Татьяна Павловна закивала, смущенная моими объятиями, мягко похлопала меня по плечу.
– Дай бог, дай бог.
Потом она вдруг скосила глаза в раковину, высвободилась из моих объятий, и совершенно другим тоном сказала:
– Вы раковину убрали за собой? У нас тут правило: соблюдаем чистоту, – она подняла мою чашку, наклонилась вниз к сливу. – Вот тут крошки остались, нужно убрать.

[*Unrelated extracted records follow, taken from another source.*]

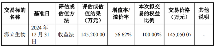 根据东洲评估出具的《资产评估报告》(东洲评报字【2025】第1093号),本次交易对澎立生物采用了收益法、市场法进行评估,最终选用收益法评估结果作为最终评估结论。截至评估基准日2024年12月31日,澎立生物合并报表归属于母公司所有者权益账面价值为92,705.58万元,评估值为145,200.00万元,评估增值52,494.42万元,增值率56.62%。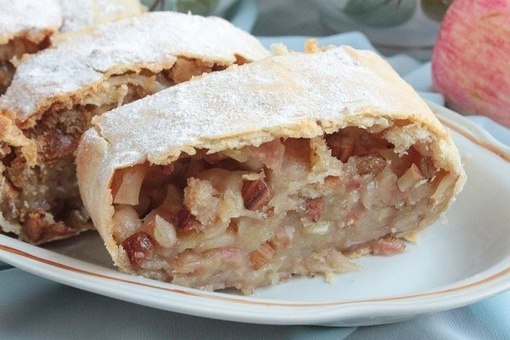 Яблочный штрудель с миндалем и изюмом.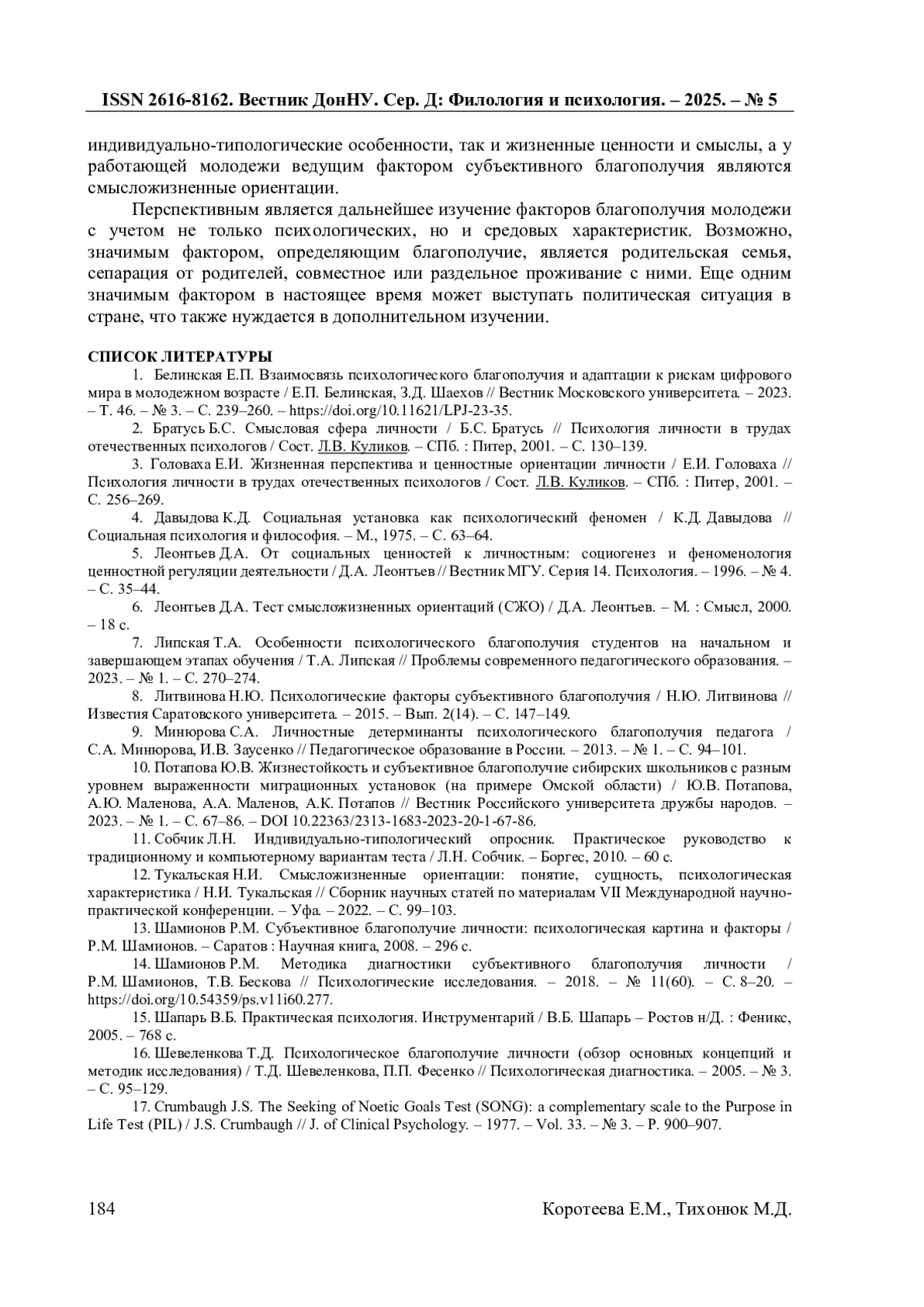 7. Липская Т.А. Особенности психологического благополучия студентов на начальном и завершающем этапах обучения / Т.А. Липская // Проблемы современного педагогического образования. - 2023. - № 1. - С. 270-274. EDN: CQRITC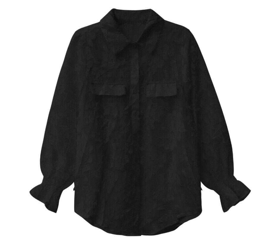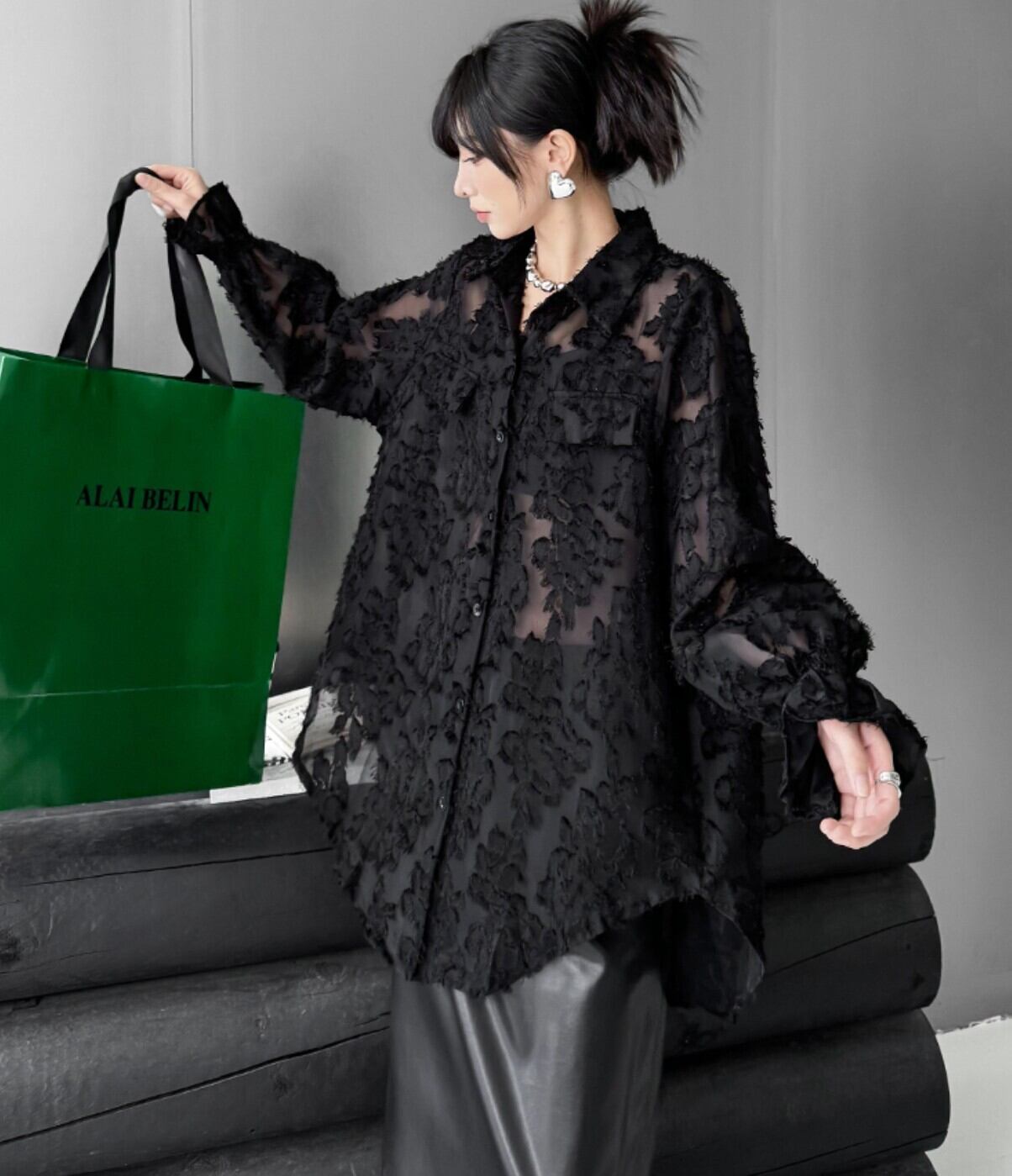 立体フラワージャカード シアー/透け感 オーバーサイズシャツ 黒 長袖|韓国モード|NEIRA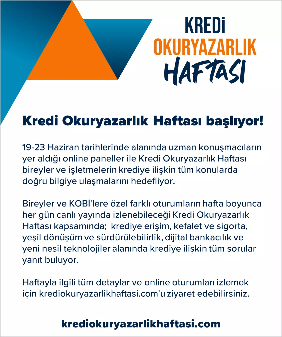 Kredi Okuryazarlık Haftası başlıyor. 19-23 Haziran tarihlerin de, bireylerin ve kurumların finansal hayatları daha sağlıklı ve etkin yönetmelerine katkı sağlamak amacıyla, söz konusu haftada her gün kredi okuryazarlığı konusunda siz değerli üyelerimiz https://krediokuryazarlikhaftasi.com adresinden katılım sağlayabilirsiniz.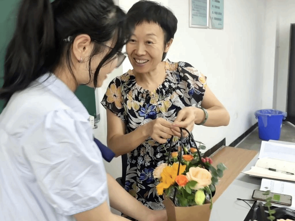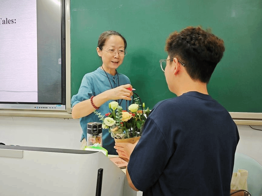 学生手捧鲜花走向每一位老师,将自己满满的感激之情融入花中。这些花儿不仅仅是自然界的馈赠,更是外院学子心中最真挚情感的载体。他们带着一颗颗跳动的心,走向那些在讲台上挥洒汗水,在书桌前默默付出的老师们。每位老师都被这份突如其来的感动紧紧抓住,激动、欣喜、感动的情感溢于言表。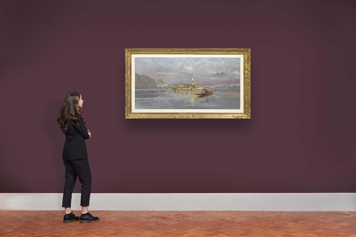 Riccardo Pellegrini (Milano 1863 - Crescenzago 1934) ISOLA DEI PESCATORI, LAGO MAGGIORE olio su tela, cm 64,5x120 retro: dichiarazione di autenticità a firma della moglie dell'artista datata “14 Luglio 1916”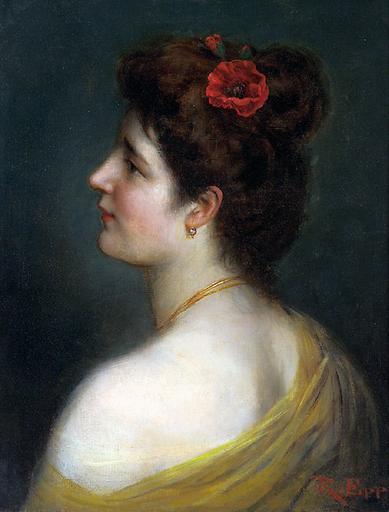 | Keywords: Rudolf Epp Junge Frau mit Klatschmohnblüten.jpg  Oil canvas cm 46 37 5 object history credit line ~ lower right signature accession number http //www hofbauer-media de/ PD-art-100 Profile portraits of women Papaver in art Portrait paintings of females with flowers Temporary for Cat-a-lot - Female humans Shoulders in art Nape Hair in art People with flowers Human noses in art Females with neutral background Female faces in profile Females looking left in art People with jewellery People with plants Oil paintings of women Rudolf Epp Women facing left in art |
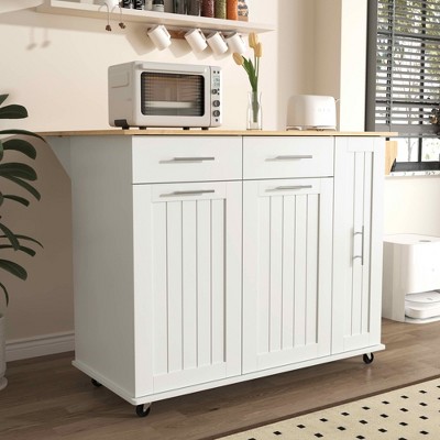 - Blending vintage charm with modern function, this kitchen island features a smooth painted finish, embossed panel detailing, and elegant gold-tone knobs. Its retro-inspired design brings a refined, classic aesthetic to your cooking and dining space.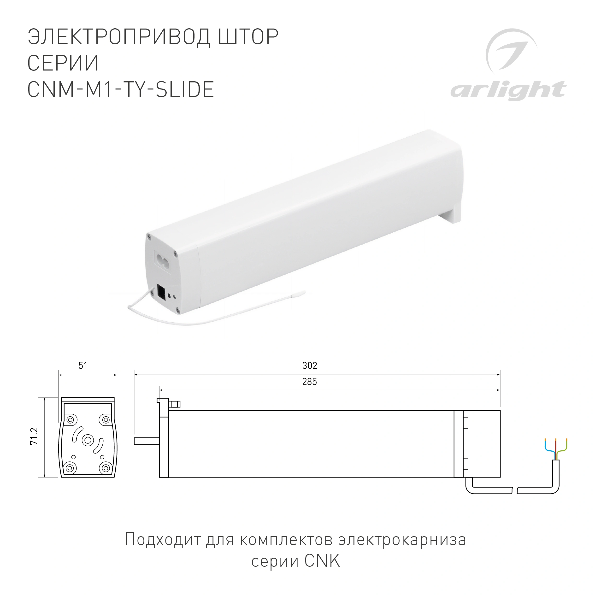 Электропривод для управления комплектами карнизов серии CNK, а также для сбора электрокарниза из комплектующих серии CNT. Управление по по WI-FI, 2.4ГГц, Bluetooth, пультом и "сухими" контактами.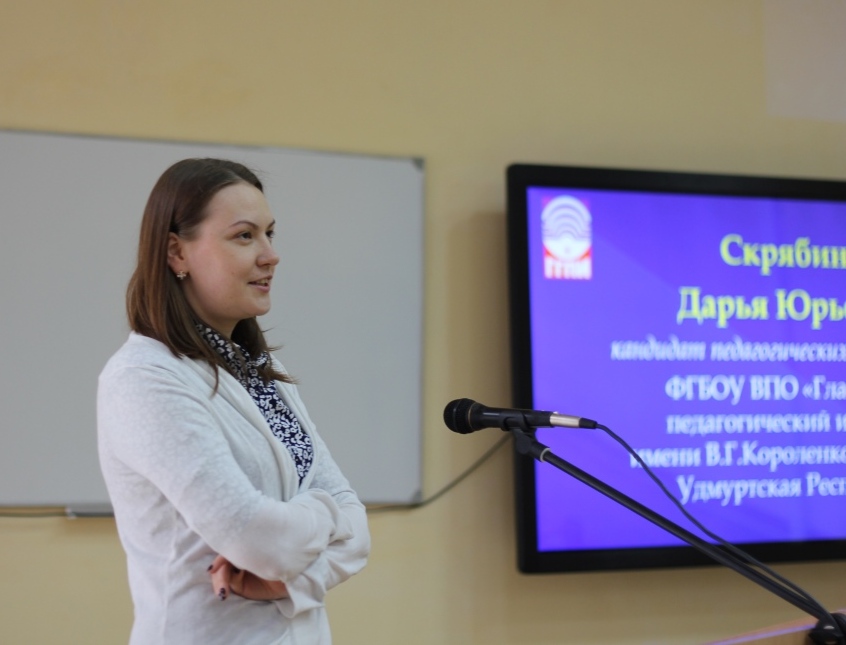 Дарья Юрьевна Скрябина (ФГБОУ ВПО «Глазовский педагогический институт им. В.Г. Короленко», г. Глазов), кандидат педагогических наук, доцент, ознакомила участников пленарного заседания с особенностями организации инклюзивного образовательного процесса в МОУ СОШ №5 г.Глазова, в котором реализуется ФГОС для детей с интеллектуальными нарушенями.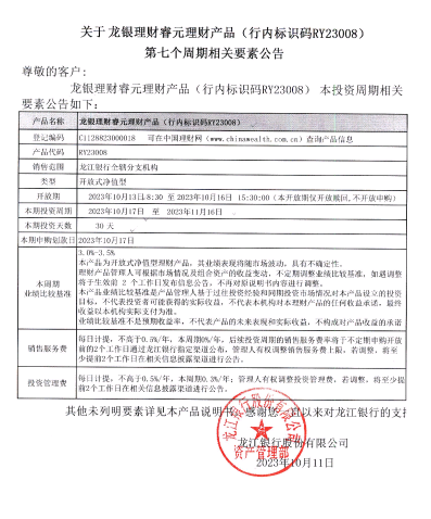 龙银理财睿元理财产品(行内标识码RY23008)第七个周期相关要素公告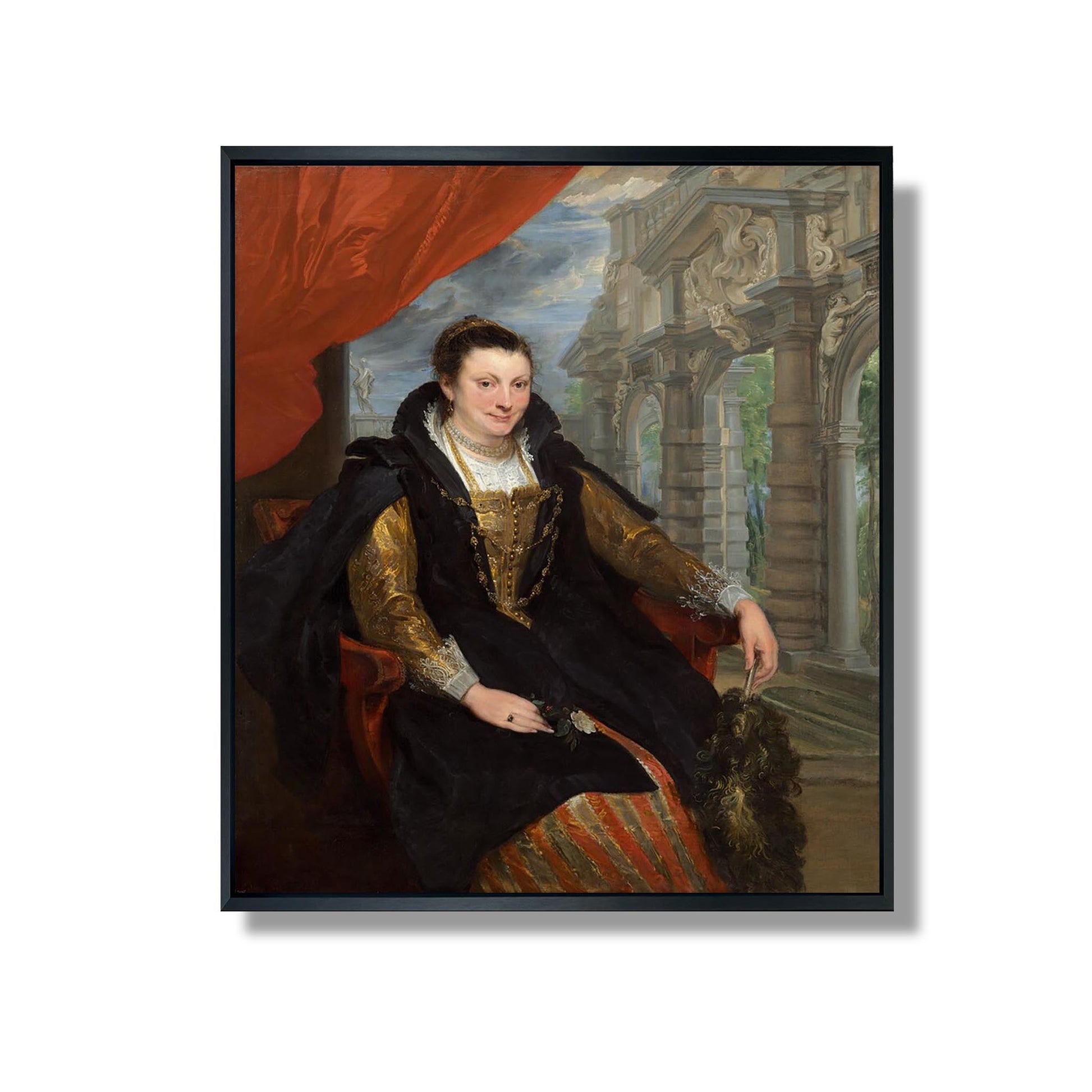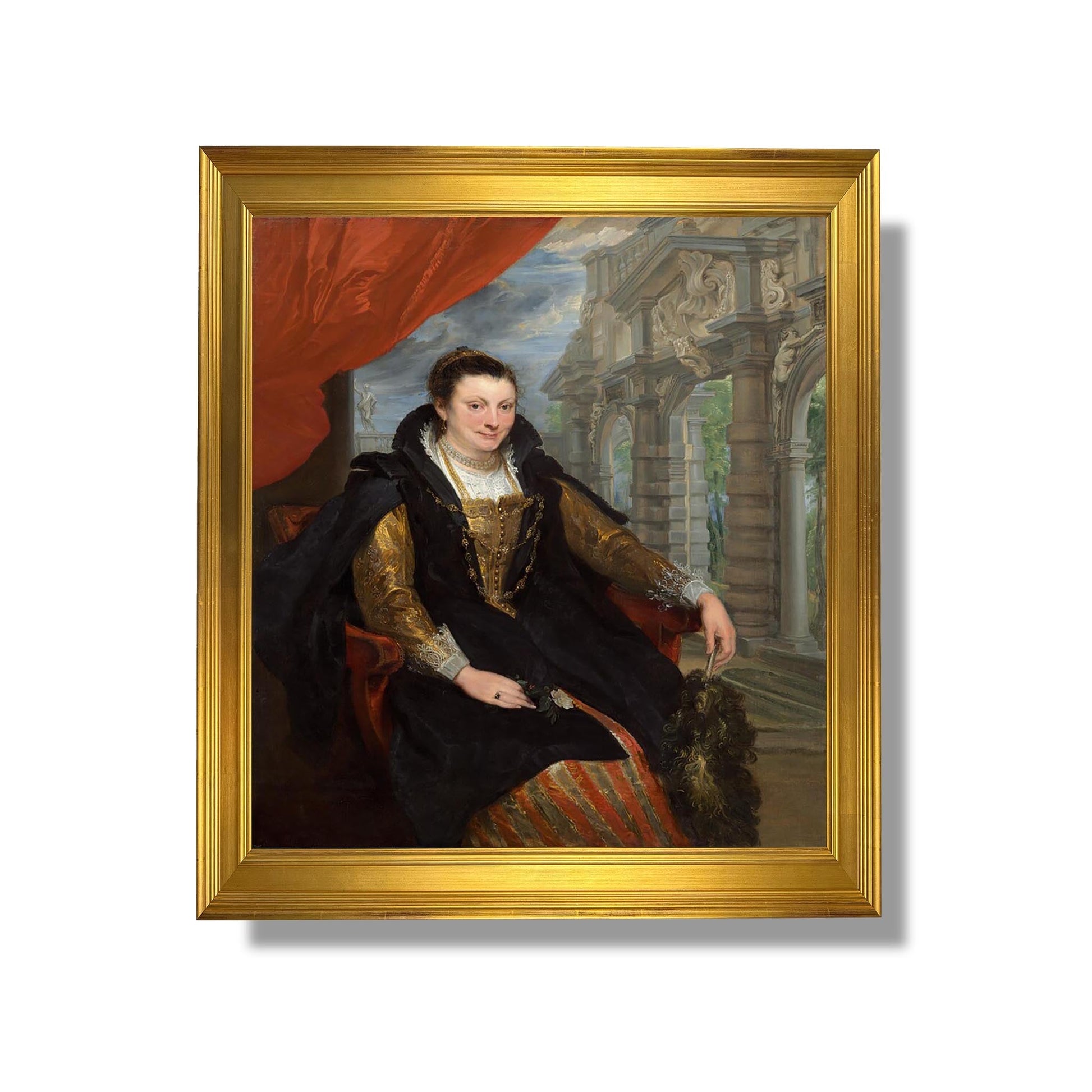 Isabella Brant, peinte par Sir Anthony van Dyck vers 1621, est une œuvre emblématique du portrait baroque. Ce tableau représente l'épouse de l'artiste, capturant sa beauté et sa grâce avec une finesse remarquable. Van Dyck utilise une palette riche et des jeux de lumière pour accentuer les détails du costume et du visage d'Isabella, créant une atmosphère à la fois intime et majestueuse. Le fond sombre met en valeur la figure centrale, tandis que la pose élégante de Brant témoigne de son statut social. Ce portrait illustre parfaitement le talent de Van Dyck pour immortaliser ses sujets avec une profondeur psychologique et une sensibilité artistique.

Я кивнула, смахнула тряпкой со дна сколотой раковины две малюсенькие крошки, неведо как увиденные близорукой женщиной.
О, бедная моя, коммунальная женщина с нелегкой судьбой! Вот она типичная педантичность маленьких обитателей коммуналок. Пусть безобразное пятно на потолке в туалете будет жить вечно, пусть тараканы построят целую империю на кухне, пусть на мутных стеклах шрамами лежат трещины и сколы, пусть кухонные шкафы ломятся от нагроможденной в них полуржавой посуды – все это нипочем. Но крошка, оставленная соседом, станет как ячмень на глазу.
Придя в свое жилье – комнату-апартаменты – я рассказала Ди о встрече с Татьяной Павловной и о странном разговоре с ней.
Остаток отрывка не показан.